PREPARANDO O CAMINHO PARA JESUS PASSAR
“O
Tempo de Preparo”
O Vídeo de Deigma Marques do link ao lado reflete bem o teor desta mensagem, por isso, sugiro que ouça esta canção e reflita nela. "Que Ele Cresça".
TEXTO: Lucas 3.1-18
1Fazia quinze anos que Tibério era o Imperador romano.
Nesse tempo Pôncio Pilatos era o governador da Judeia, Herodes governava a
Galileia, o seu irmão Filipe governava a região da Itureia e Traconites, e
Lisânias era o governador de Abilene. 2E Anás e Caifás eram os Grandes
Sacerdotes. Foi nesse tempo que a mensagem de Deus foi dada, no deserto, a
João, filho de Zacarias. 3E João atravessou toda a região do rio Jordão,
anunciando esta mensagem:
— Arrependam-se dos seus pecados e sejam batizados, que
Deus perdoará vocês.
4Isso aconteceu como o profeta Isaías tinha escrito no seu
livro:
“Alguém está gritando no deserto:
Preparem o caminho para o Senhor passar!
Abram estradas retas para ele!
5Todos os vales serão aterrados,
e todos os morros e montes
serão aplanados.
Os caminhos tortos serão endireitados,
e as estradas esburacadas
serão consertadas.
6E todos verão a salvação que Deus dá.”
7As multidões iam se encontrar com João para serem
batizadas por ele. Ele dizia a todos:
— Ninhada de cobras venenosas! Quem disse que vocês
escaparão do terrível castigo que Deus vai mandar? 8Façam coisas que mostrem
que vocês se arrependeram dos seus pecados. E não digam uns aos outros: “Nós
somos descendentes de Abraão.” Pois eu afirmo a vocês que até destas pedras
Deus pode fazer descendentes de Abraão! 9O machado já está pronto para cortar
as árvores pela raiz. Toda árvore que não dá frutas boas será cortada e jogada
no fogo.
10Então o povo perguntava:
— O que devemos fazer?
11Ele respondia:
— Quem tiver duas túnicas dê uma a quem não tem nenhuma, e
quem tiver comida reparta com quem não tem.

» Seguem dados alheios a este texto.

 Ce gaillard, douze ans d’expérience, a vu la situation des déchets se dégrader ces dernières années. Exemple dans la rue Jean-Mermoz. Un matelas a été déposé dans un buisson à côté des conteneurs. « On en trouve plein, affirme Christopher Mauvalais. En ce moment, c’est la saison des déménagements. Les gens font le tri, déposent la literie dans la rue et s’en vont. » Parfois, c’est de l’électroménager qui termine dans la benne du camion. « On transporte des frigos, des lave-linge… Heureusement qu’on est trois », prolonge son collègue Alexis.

12Alguns cobradores de impostos também chegaram para serem
batizados e perguntaram a João:
— Mestre, o que devemos fazer?
13— Não cobrem mais do que a lei manda! — respondeu João.
14Alguns soldados também perguntavam:
— E nós, o que devemos fazer?
E João respondia:
— Não tomem dinheiro de ninguém, nem pela força nem por
meio de acusações falsas. E se contentem com o salário que recebem.

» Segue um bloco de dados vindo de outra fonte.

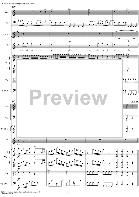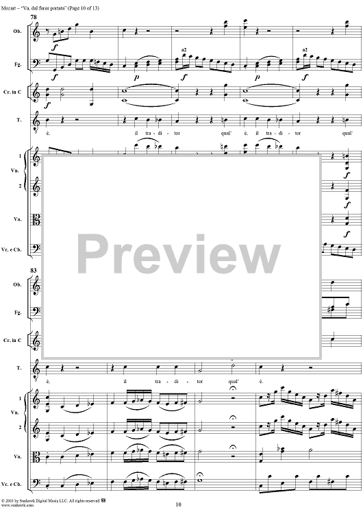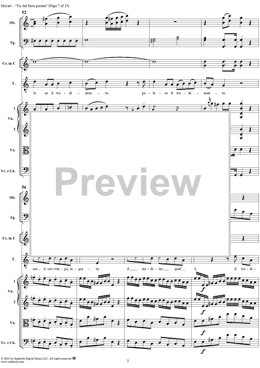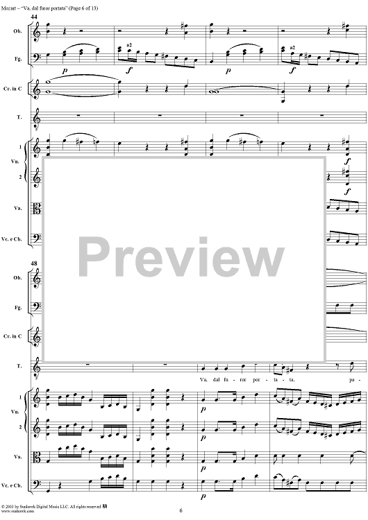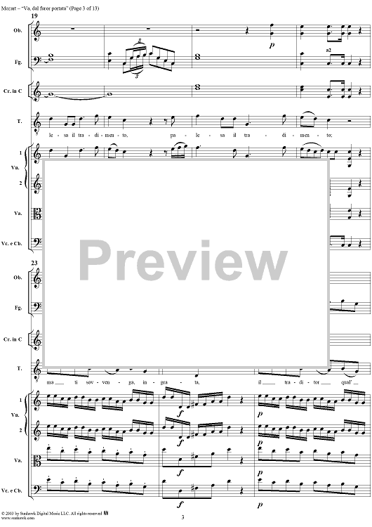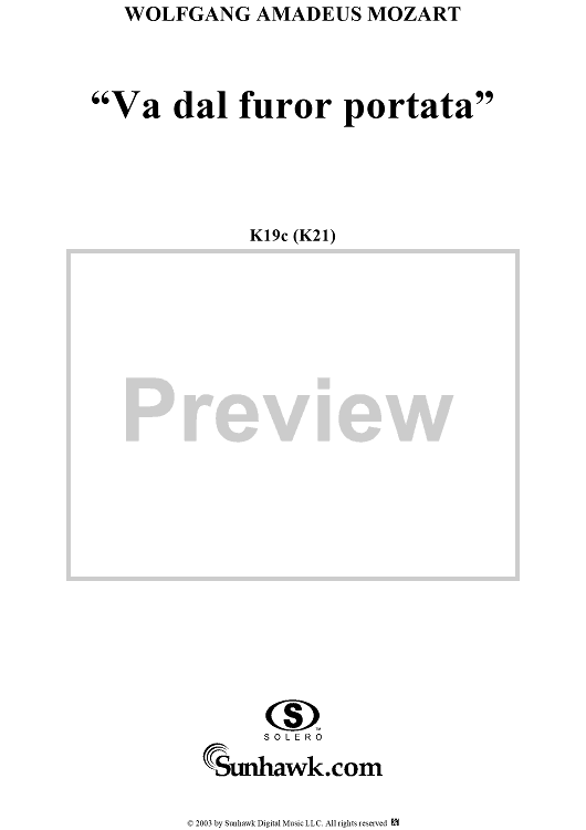 Digital Sheet Music for "Va, dal furor portata", aria, K19c (K21) - Full Score by Wolfgang Amadeus Mozart scored for Tenor/Orchestra; id:292267

15As esperanças do povo começaram a aumentar, e eles
pensavam que talvez João fosse o Messias. 16Mas João disse a todos:
— Eu batizo vocês com água, mas está chegando alguém que é mais importante do que eu, e não mereço a honra de desamarrar as
correias das sandálias dele. Ele os batizará com o Espírito Santo e com
fogo. 17Com a pá que tem na mão, ele vai separar o trigo da palha. Guardará o
trigo no seu depósito, mas queimará a palha no fogo que nunca se apaga.
18João anunciava de muitas maneiras diferentes a boa
notícia ao povo e apelava a eles para que mudassem de vida
INTRODUÇÃO
Estamos
vivendo um tempo importante como Igreja neste novo ano, pois somos desafiados a
viver as coisas novas de Deus, mas para isso o Senhor nos deu uma visão e
estratégia espiritual, devemos nos preparar para a Grande colheita (Lc 2.10).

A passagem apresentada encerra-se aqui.